O nome de Gustavo Lopes não estava listado entre as atrações da "8ª CineOP – Mostra de Cinema de Ouro Preto", encerrada dia 17. Mas o garoto, de apenas 13 anos, acabou chamando atenção – inclusive do fotógrafo Ricardo Bastos, do Hoje em Dia, que, voluntariamente, resolveu clicá-lo – por um motivo bem particular: a despeito da pouca idade, o estudante é um pesquisador inveterado da música e do cinema dos anos 30/40. Sim, ao invés de hits de Carly Rae Jensen, por exemplo, ele aplica, em seus ouvidos, Aurora Miranda, Francisco Alves ou Almirante. E ao invés de blockbusters, vê filmes das décadas citadas.
Ao responder às perguntas da reportagem, além da simpatia, Gustavo deu provas inequívocas da desenvoltura que certamente encantou a pesquisadora Alice Gonzaga, filha de Adhemar Gonzaga, fundador da Cinédia, e "culpada" por sua ida a Ouro Preto. Mas para contar essa história, é preciso voltar no tempo. Gustavo diz que seu apreço a "antiguidades" vem desde que se entende como gente. "Com a internet, passei a pesquisar a música dos anos 30, e notei que a indústria do rádio e do disco estavam muito atreladas ao cinema. Até a década de 40, e mesmo na de 50, os cantores mais famosos participavam de filmes. Me perguntei: mas onde estão esses filmes? Sabia que a maioria estava perdida, mas fui procurar quem estava cuidando do que restou, pessoas que conhecessem mais essa área". Foi quando resolveu procurar o escritório da Cinédia, ao ler que um evento privado exibiria a cópia restaurada de "Alô Alô Carnaval" (1936, Adhemar Gonzaga).

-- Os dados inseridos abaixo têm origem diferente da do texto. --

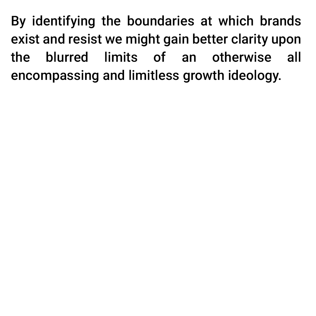 What Does This Mean For Brands? c / By identifying the boundaries at which brands exist and resist we might gain better clarity upon the blurred limits of an otherwise all encompassing and limitless growth ideology. Creative Commons Attribution: You are invited to publish, reference or iterate this c licensed material for non-commercial purposes as long as you follow the license conditions. Below is a suggestive copy and paste attribution for this work. ted@ted-hunt.com | @_ted_hunt | |
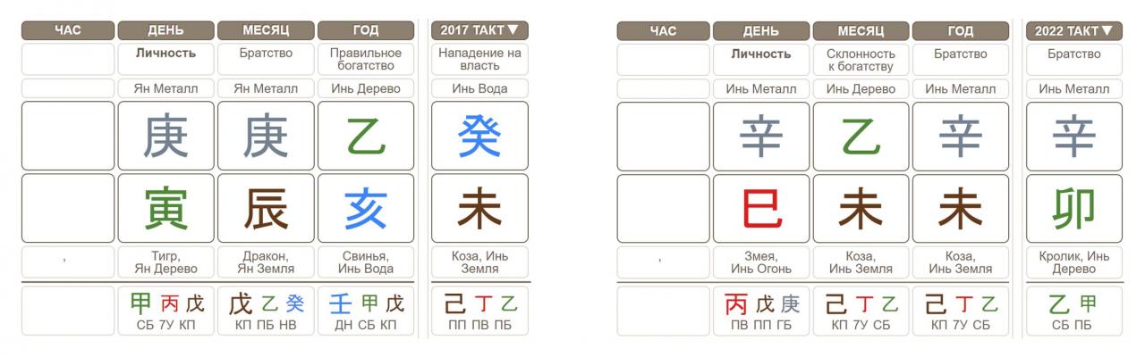 Какая карта бацзы у Никиты? Земная ветвь месяца поддерживает его господина дня, час неизвестен, столп года поддерживает. Судя по успеху на Олимпиаде этого года, ему нужны для карты вода и дерево. В карте Вики есть вода и дерево. У нее тоже интересная карта, есть целый столп поддержки в месяце и ослабляющие карту дерево и вода в столпе года. Между их картами усиливается дерево, свинья с козой и у обоих в карте дерево прорастает в небесный ствол. Дерево для них результат, навыки, деньги. Вполне возможно, что Вике и Никите полезна стихия дерева. Тогда в 2023 год кролика им будет способствовать удача.
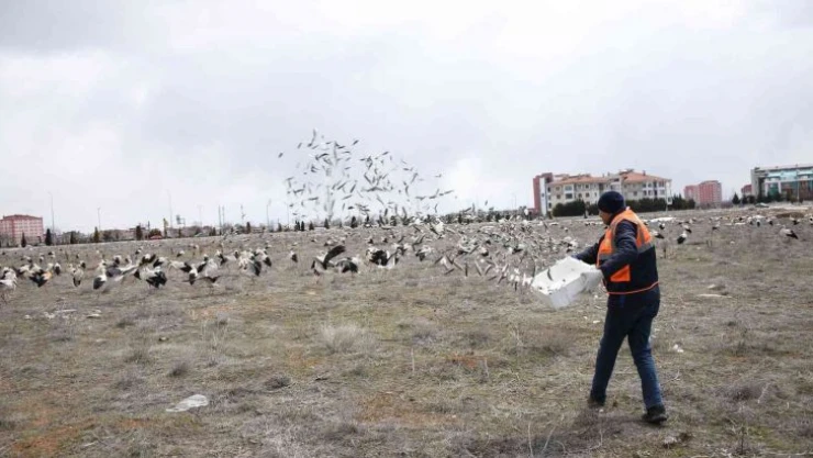 Konya’da olumsuz hava şartları sebebiyle zorunlu olarak araziye inen leylekler, Konya Büyükşehir Belediyesi tarafından balıkla besleniyor.
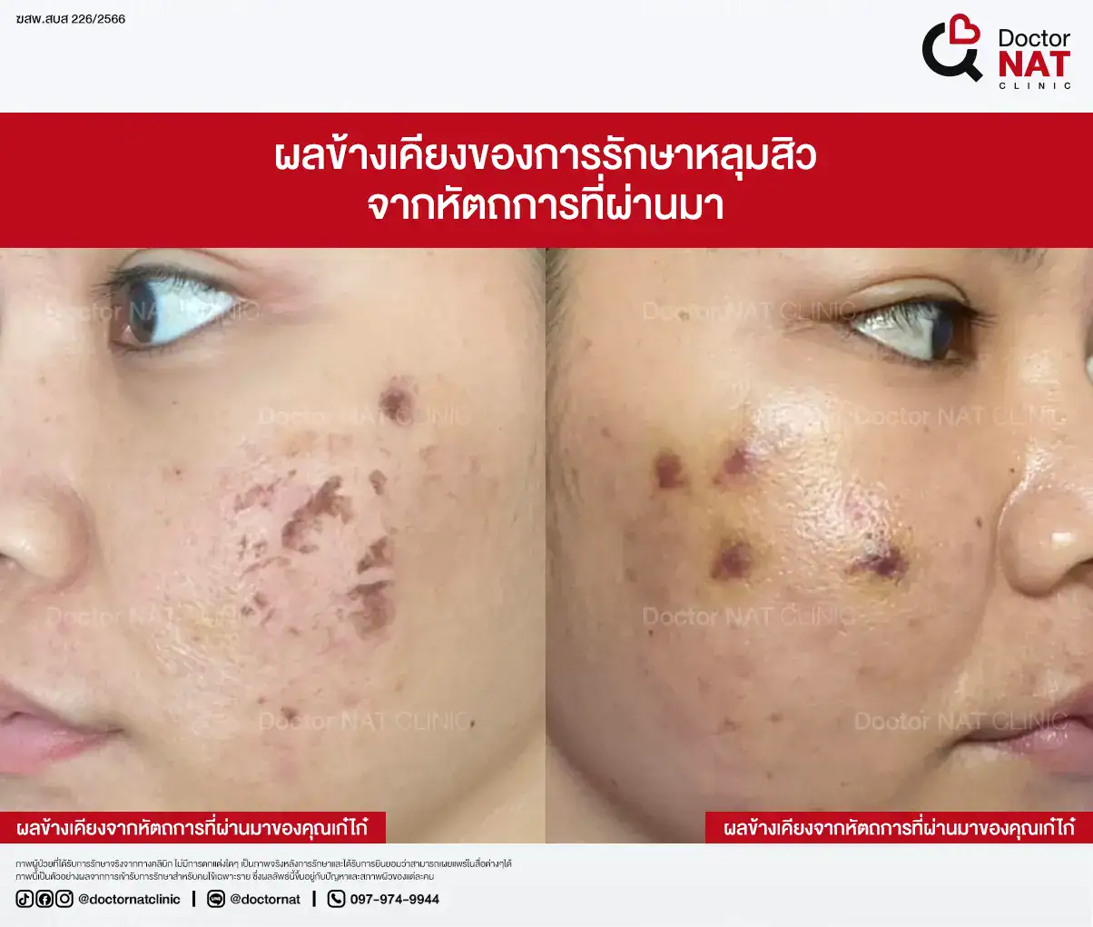 คุณรุ้ง พนักงานออฟฟิศจากสมุทรปราการ มีปัญหาหลุมสิวบริเวณแก้มและขมับยาวนานกว่า 10 ปี เคยรักษามาหลายวิธีทั้ง E-Matrix, Subcision, PRP และ Derma Pen รวมหลายสิบครั้ง ใช้งบไปหลักแสน แต่ได้ผลเพียงเล็กน้อย แถมต้องเผชิญกับอาการเจ็บ ช้ำ และสิวอักเสบตามมา จนมารักษาด้วยโปรแกรม MASS Surgery ที่ Doctor NAT Clinic หลุมสิวของคุณรุ้งดีขึ้นชัดเจน 60–70% มากกว่าการรักษาที่เคยทำมาทั้งหมด

"Liguei para lá, no dia 16 de outubro, mas o moço que atendeu não sabia detalhes e passou o telefone da própria Dona Alice. Fiquei com receio (de ligar), mas, 20 minutos depois, tomei coragem". Alice foi receptiva, mas foram as filhas dela que ficaram desconfiadas do interesse de um interlocutor tão jovem pelo assunto. "Elas a aconselharam a ter cuidado, pois poderia ser uma pessoa querendo se passar por mais nova, e passando trote", lembra ele. Mesmo assim, Alice e Gustavo começaram a conversar pela web. "Achei ela no Facebook, começamos a conversar por lá e por e-mail".
Ir ao Museu Vicente Celestino é uma meta
As dúvidas das filhas de Dona Alice se dissiparam quando os dois se encontraram no Festival de Cinema de Anápolis, em maio. "Ela me disse que participaria, mas avisou: Não é Brasília, mas é perto. Então, pedi para meu avô e minha mãe para ir. Fiquei num outro hotel, mais barato, mas acabei ficando muito tempo com ela". Daí voltamos a Ouro Preto: graças à intervenção de Alice, Gustavo acabou sendo convidado a participar do "CineOP". E adorou. Sua meta, agora, é ir ao Festival de Conservatória (RJ), onde vibra com a possibilidade de conhecer o espaço dedicado a Vicente Celestino. E ver, por exemplo, o vestido que Gilda de Abreu usou no filme "Bonequinha de Seda" (1936).
Inusitado? Sim, Gustavo Lopes sabe que seus interesses são distintos dos cultivados pelos seus contemporâneos. E nesse caso, há um outro "culpado": o avô materno, que é cantor e, nos anos 80, chegou a gravar discos. Foi através dele que o garoto chegou às músicas de Carmen Miranda, Mario Reis, Emilinha Borba, Marlene, Jorge Goulart...
E, como já foi explicado, daí chegou ao cinema, caminho que pretende seguir trilhando no futuro. "Costumo dizer que tenho dois ou três caminhos, mas que, ao fim, vão convergir. Posso fazer cinema, me tornar um pesquisador, por exemplo, ou um pequeno produtor de documentários. Ou fazer arquivologia, ser um restaurador...", especula. Enquanto isso... "Me considero um bom estudante, mas me penalizo, pois deveria me dedicar mais à escola", diz, todo sério. Bom que a atenção que ele dá já é suficiente para garantir boas notas no boletim.